In this fiscal, we are reasonably confident to bring a significant growth in the MSME balance sheet. The growth in assets would be north of 12 per cent and with the change in the asset mix; the growth would be coming largely from MSME, retail and other such asset categories. Overall, we are targeting 12-13 per cent growth on advances and 11-12 per cent on deposits.

Do you think that managing margins is going to be a challenge with rates poised to trend down in the coming quarters?

In the interest rate easing scenario, the challenge primarily is on the margins as the cost of funding will only have a lagged effect of the repo rate cut. We will have to bring the cost of funding down because a significant portion of our loans have already been re-priced with a 100 basis point reduction. In case of deposits that we have already contracted at a particular rate, we cannot change it and we can only revise the rates for the deposits which are getting contracted on a going-forward basis.

The rates we offer on deposits are also driven by what others in the market are offering. So, the full rate cut benefit has not been passed on to depositors yet. There will be some pressure on yield in the near term until we can bring down our cost of funds. We have taken some steps to reduce our deposit rates. But the overall rate environment has dropped more than that. Yes, managing the margins is going to be a challenge.

What are your plans to take the pressure off from the margins and improve profitability?

The focus areas are going to be MSME and retail advances which are the high-yielding assets. The rate of growth of corporate advances will be much slower. The whole idea is to cycle out of the low-yielding advances and cycle into the high-yielding ones. We will get the MSME and retail to come in large enough quantities and then gradually wean ourselves off the low-yielding corporate book. As most of these loans are in the nature of very short-duration assets, we can manage this effectively.

So, the first order of business is to get retail and MSME to grow very considerably so that most of our growth challenges are addressed from those two engines. And then, we have the option as to how much of the corporate we retain and how much we give up. We will be managing the balance sheet dynamically.

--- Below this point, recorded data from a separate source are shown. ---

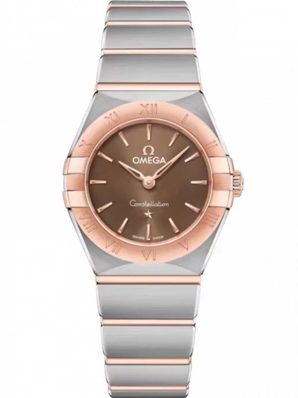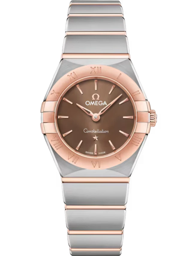 This 25 mm 18K Sedna™ gold and stainless steel model features a bezel engraved with Roman numerals, sun-brushed brown dial and scratch-resistant saphire crystal. The hands, OMEGA logo, Constellation star and indexes are also in 18K Sedna™ gold.
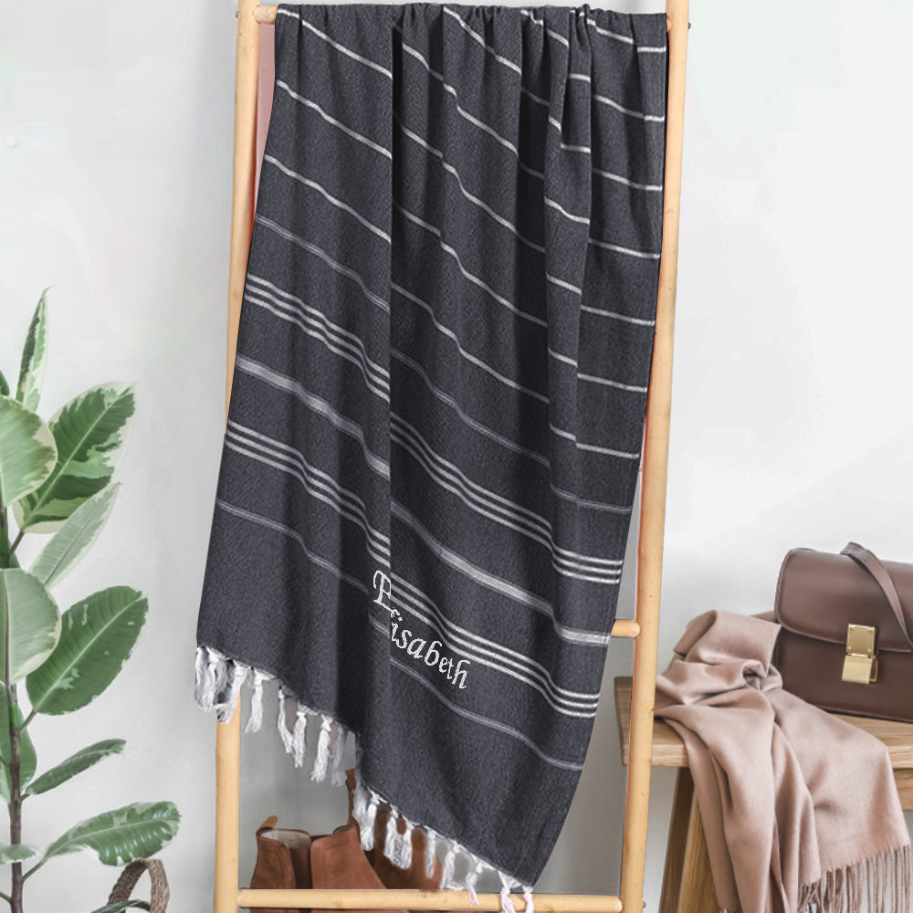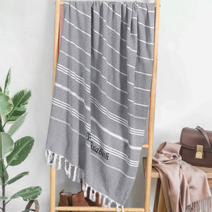 Looking for the perfect, thoughtful gift for your bridesmaids? Our custom engraved Name Fringe beach towel combines practical luxury with heartfelt personalisation. Each towel is meticulously crafted with your chosen names, creating a unique keepsake your bridal party will treasure long after the wedding day.
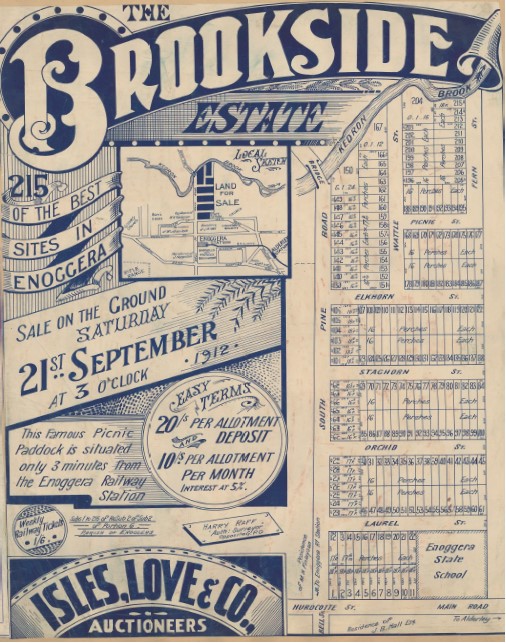State Library has hundreds of estate maps showing first sales of residential blocks in Queensland. In this estate map the sketch of the local area puts the streets in context. Cheap, easy transport was a selling point when private transport was rare. Convenience and pleasant surroundings were key attractions. The estate maps, referred to as lithographs, were supported with newspaper advertising which ran over weeks.
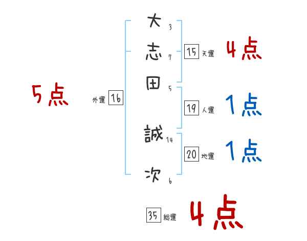 総運![]() | 大志田誠次さんの総運は35画の4つ星!温厚な性格で感受性が高い。穏和な性格で人望が厚い。 あなたの人生を表す1番重要な運勢です。生涯を通じて影響する総合運となり、主に50歳以降の晩年期に影響を及ぼします。 |
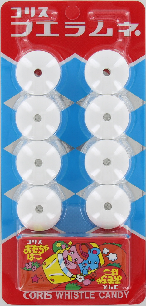 1973年(昭和48年)発売のロングセラーでピィーピィー音が鳴るラムネです。簡単なおもちゃが付いてますがこれは消費税率8%ですのでご安心を。
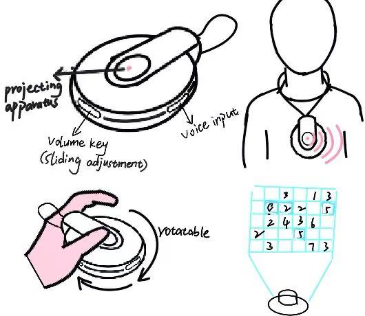 The device adopts a “voice + tactile + visual” triple feedback system: itvibrates slightly when receiving calls from family members; the projectioninterface uses high-contrast colors and large fonts, with support for text-to-speech functionality. All features can be activated with just “yoice commands+ a physical home button” (e.g., press the home button and say “Video callwith my granddaughter” to automatically launch the projection and start thecall). This design eliminates complex buttons and multi-step operations,alleviating the memory burden on elderly users
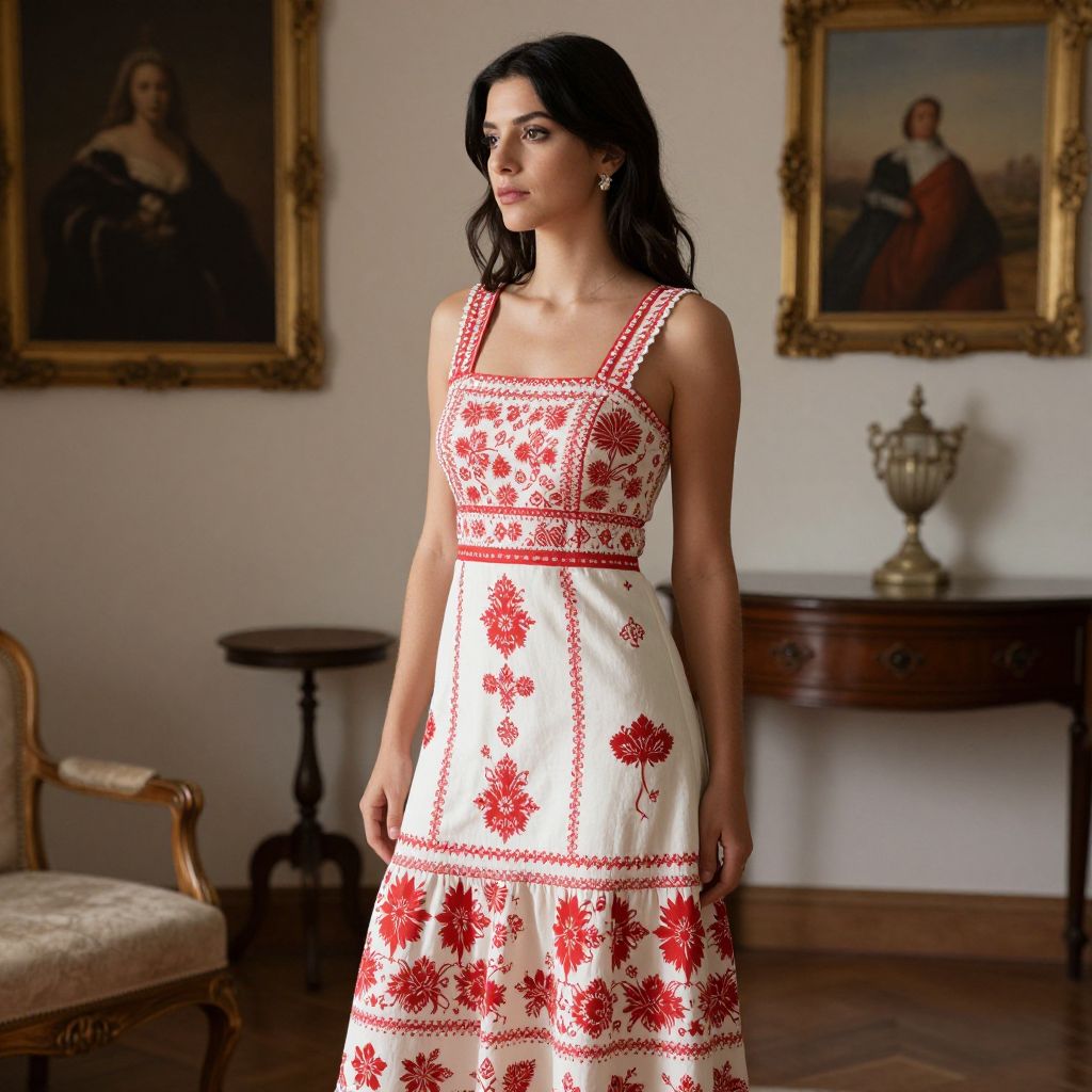 Photograph of a young woman with long, black wavy hair, light skin, and delicate features. She wears a white dress adorned with red floral embroidery on the bodice, sleeves, and hem, with a square neckline and short sleeves. The dress has a fitted waist and a slightly flared skirt. She stands in a classical, elegantly furnished room with wooden floors, white walls, and two framed portraits in ornate gold frames hanging on the wall behind her. A wooden side table with a decorative urn and a small round table are in the background. An upholstered chair with a beige fabric is partially visible on the left.

On the liability side, our focus is going to be on low-cost funds. As the interest rate regime in the market drops, the difference between CA and SA and term deposits will also drop. The opportunity cost of not moving the money from CASA to TD will also not be as much. Our view is that the market will grow CA and SA faster this year than it did last year.

How do you view the new RBI norms on gold loans?

The new rules provide clarity on what can and can’t be done. For loans under ₹2.5 lakh, intensive credit underwriting is not mandatory. But beyond that full credit underwriting is now required.

This means, we need to verify the borrower’s repayment ability which adds more steps to the process. We are currently adjusting our systems and protocols to align with these changes.

How do you plan to take your digital initiatives forward?

We are redefining our digital strategy to operate as a distinct revenue-generating unit by tapping into opportunities from purely digital channels. Our vision is to forge strategic alliances with fintechs and digital ecosystems to accelerate our digital transformation journey. The core objective is to enhance the banking experience by addressing the limitations of traditional branch banking, while optimising costs and ensuring scalability.

In recent months, we have built three robust digital assets: a blog and the Fincredibles vlog channels in both English and Malayalam. These platforms have received an encouraging response and are playing a pivotal role in driving digital engagement and customer acquisition.

We have launched several digital-first products over the past year to deepen our market presence and streamline customer journeys, including Quick Personal Loan; Quick FD and GST Power.

On the co-lending front, we have partnered with several leading fintechs and NBFCs. We believe these collaborations will be instrumental in expanding our lending portfolio and scaling our digital capabilities.